Task prompt
Under this line is a listing; return exactly the lines starting at the one with "在記者身后正在進(jìn)行" and running down to the one with "Best Pirce ๐งจ", and leave out its pictures.

*** Dataset entries ***

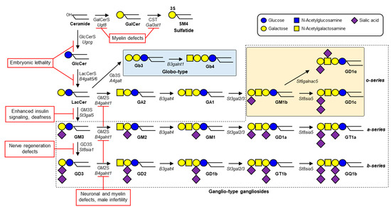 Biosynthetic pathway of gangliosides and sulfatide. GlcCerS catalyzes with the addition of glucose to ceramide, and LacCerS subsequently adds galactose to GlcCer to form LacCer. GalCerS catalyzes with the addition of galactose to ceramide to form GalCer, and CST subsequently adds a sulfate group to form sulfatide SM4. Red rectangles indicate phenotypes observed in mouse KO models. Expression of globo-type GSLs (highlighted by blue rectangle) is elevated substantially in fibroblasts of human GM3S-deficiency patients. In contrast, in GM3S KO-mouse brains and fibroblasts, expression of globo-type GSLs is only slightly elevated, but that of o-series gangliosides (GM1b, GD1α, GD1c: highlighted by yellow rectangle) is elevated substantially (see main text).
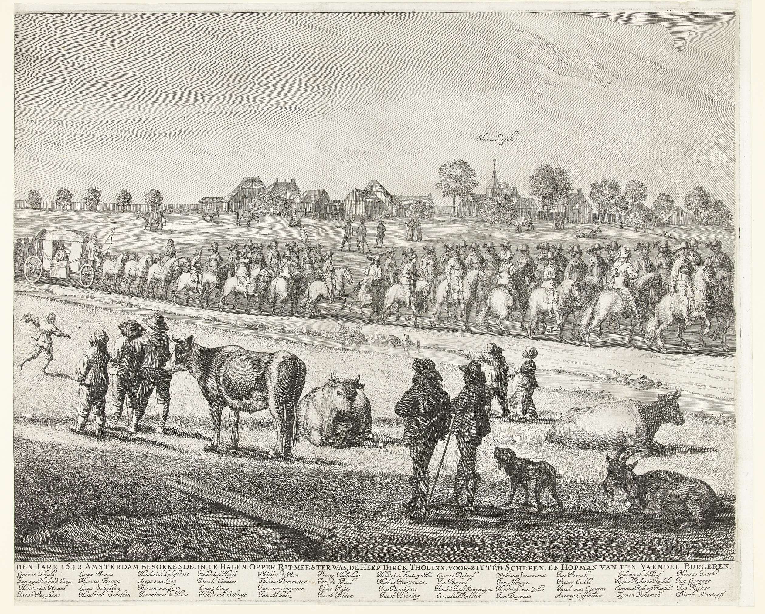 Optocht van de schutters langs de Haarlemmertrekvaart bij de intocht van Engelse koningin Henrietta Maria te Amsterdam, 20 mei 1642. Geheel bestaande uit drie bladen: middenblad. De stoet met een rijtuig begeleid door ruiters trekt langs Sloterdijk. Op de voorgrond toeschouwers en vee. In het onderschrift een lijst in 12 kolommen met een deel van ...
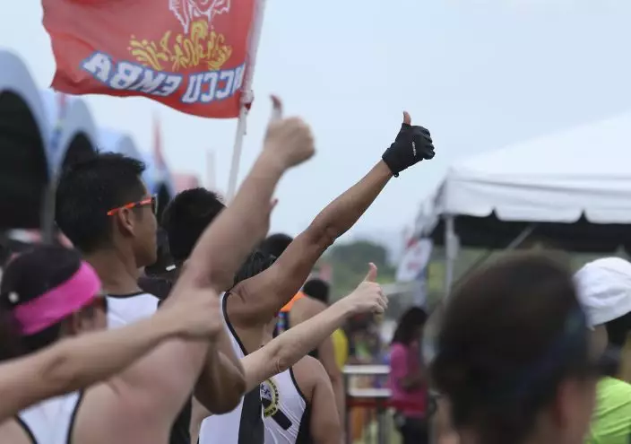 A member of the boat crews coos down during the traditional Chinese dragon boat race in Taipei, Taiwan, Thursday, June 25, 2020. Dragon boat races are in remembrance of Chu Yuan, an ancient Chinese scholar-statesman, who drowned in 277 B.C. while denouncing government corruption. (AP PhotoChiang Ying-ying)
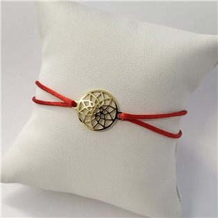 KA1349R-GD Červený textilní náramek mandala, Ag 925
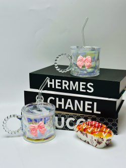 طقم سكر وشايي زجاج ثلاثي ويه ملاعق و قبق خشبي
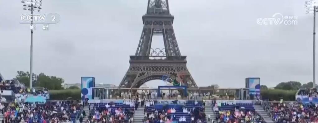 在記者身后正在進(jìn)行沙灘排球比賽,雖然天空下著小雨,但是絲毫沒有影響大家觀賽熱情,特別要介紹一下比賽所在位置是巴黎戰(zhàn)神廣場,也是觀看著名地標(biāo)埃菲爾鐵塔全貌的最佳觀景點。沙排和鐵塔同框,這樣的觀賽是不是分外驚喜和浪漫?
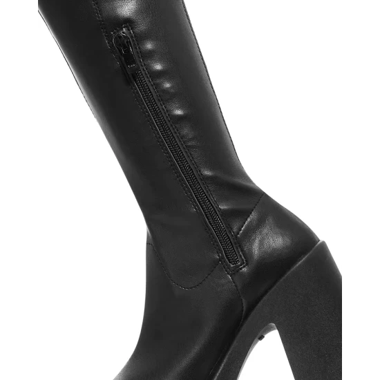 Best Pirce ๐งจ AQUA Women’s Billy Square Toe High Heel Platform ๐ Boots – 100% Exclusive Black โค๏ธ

*** End of Dataset entries ***
*** Dataset entries ***

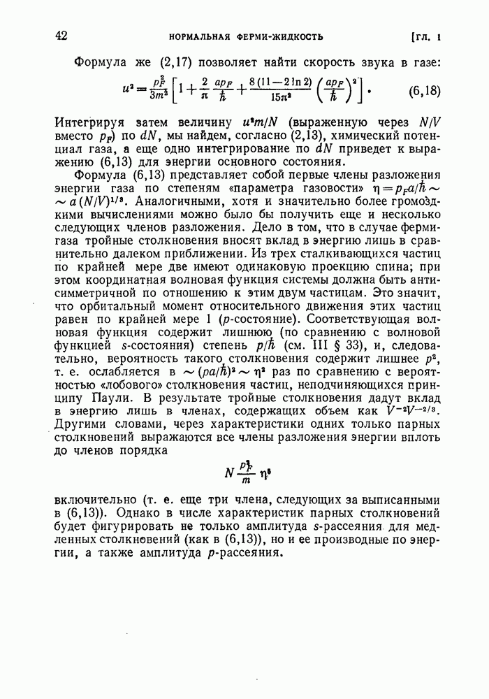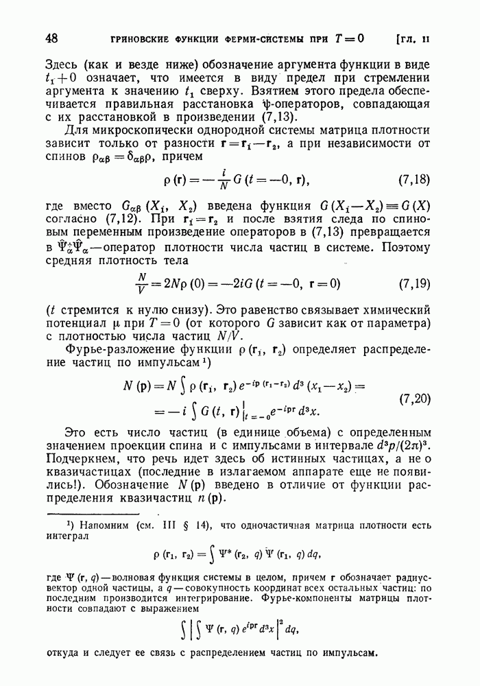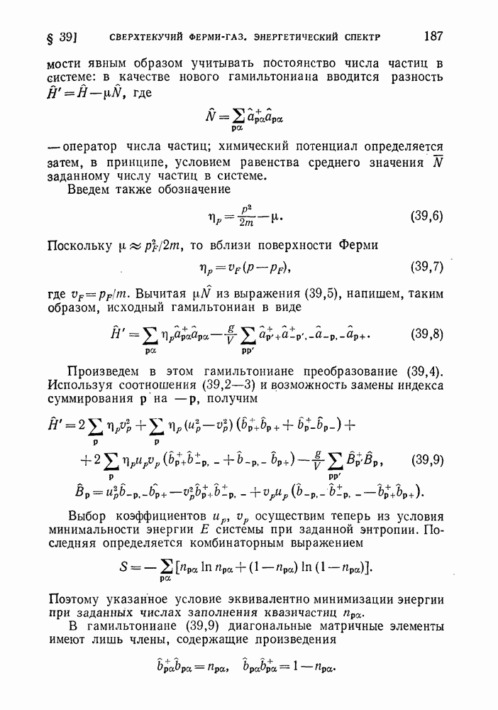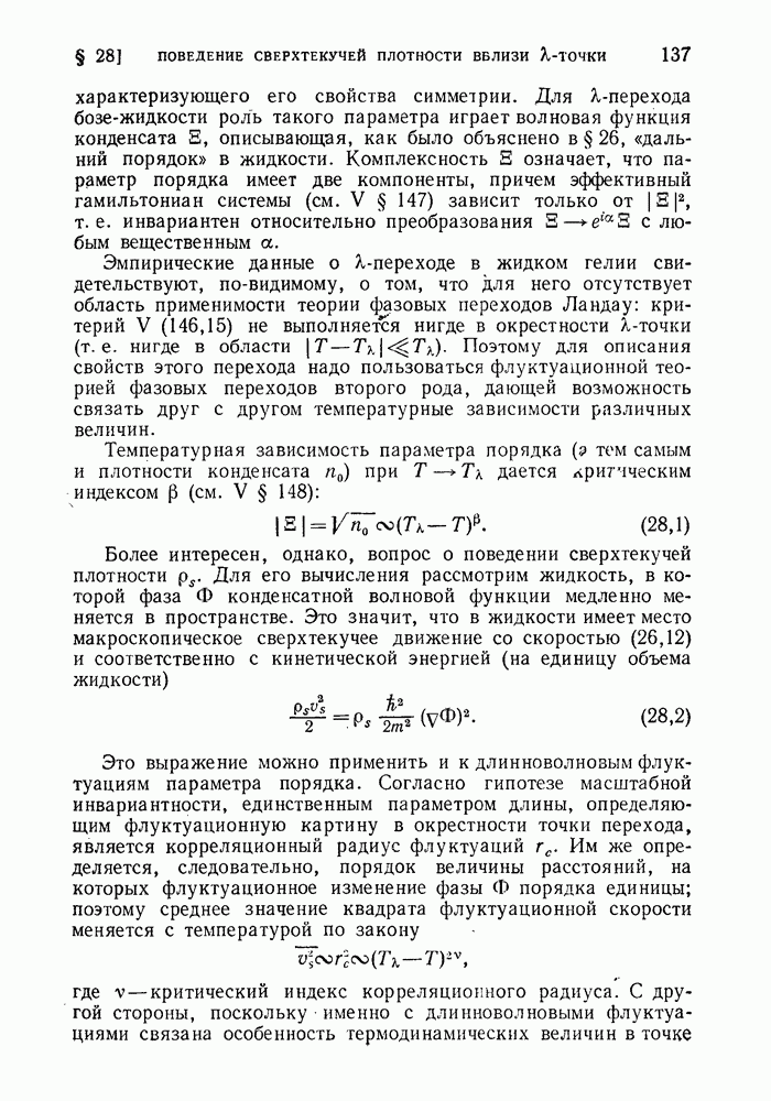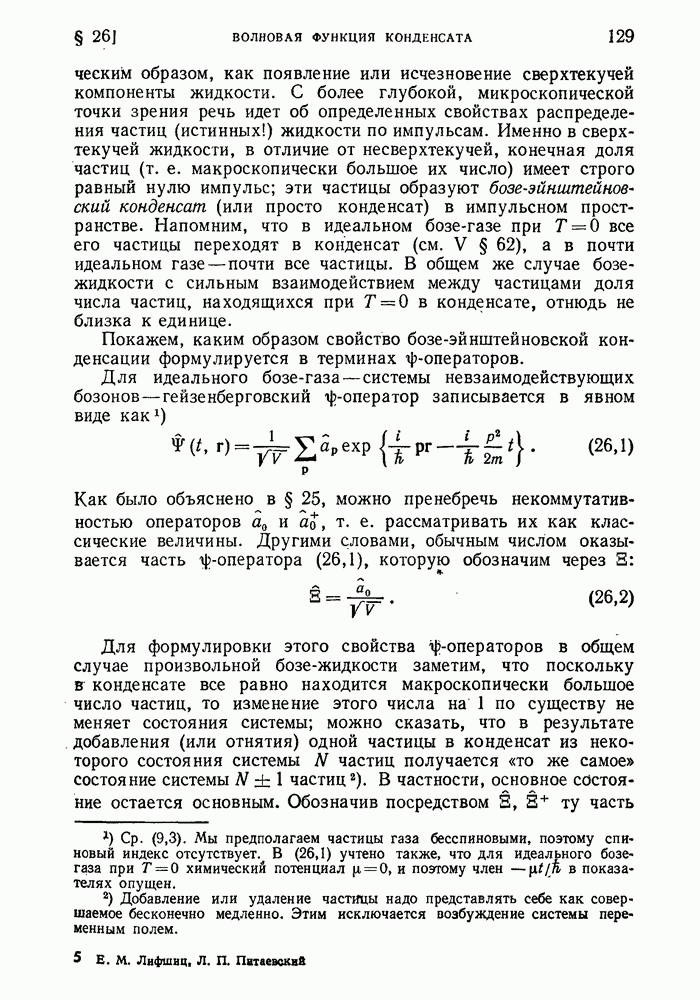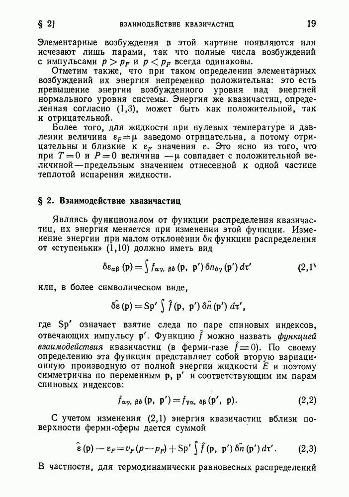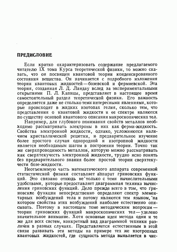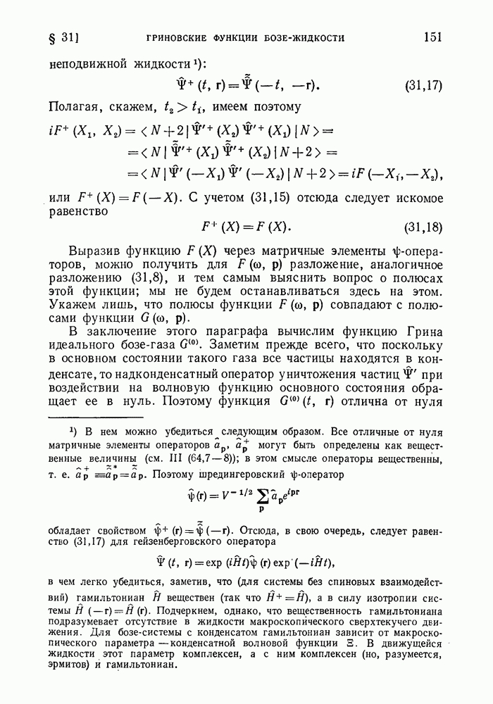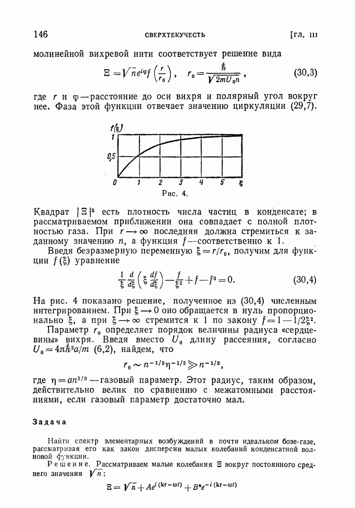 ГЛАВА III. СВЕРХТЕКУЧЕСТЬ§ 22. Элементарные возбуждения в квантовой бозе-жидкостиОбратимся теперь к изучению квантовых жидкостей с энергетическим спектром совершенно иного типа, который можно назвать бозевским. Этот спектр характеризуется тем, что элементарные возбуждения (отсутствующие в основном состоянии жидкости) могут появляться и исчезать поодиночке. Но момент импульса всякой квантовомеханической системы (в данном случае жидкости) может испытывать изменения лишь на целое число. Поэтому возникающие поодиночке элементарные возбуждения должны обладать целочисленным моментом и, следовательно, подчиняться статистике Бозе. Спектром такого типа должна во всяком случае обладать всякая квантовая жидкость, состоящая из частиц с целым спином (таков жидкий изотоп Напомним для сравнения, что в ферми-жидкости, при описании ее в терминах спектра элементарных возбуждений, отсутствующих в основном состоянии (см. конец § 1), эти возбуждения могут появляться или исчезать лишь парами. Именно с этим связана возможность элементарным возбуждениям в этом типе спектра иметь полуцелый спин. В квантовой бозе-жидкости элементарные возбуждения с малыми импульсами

*** End of Dataset entries ***

Solution
 在記者身后正在進(jìn)行沙灘排球比賽,雖然天空下著小雨,但是絲毫沒有影響大家觀賽熱情,特別要介紹一下比賽所在位置是巴黎戰(zhàn)神廣場,也是觀看著名地標(biāo)埃菲爾鐵塔全貌的最佳觀景點。沙排和鐵塔同框,這樣的觀賽是不是分外驚喜和浪漫?
 Best Pirce ๐งจ AQUA Women’s Billy Square Toe High Heel Platform ๐ Boots – 100% Exclusive Black โค๏ธ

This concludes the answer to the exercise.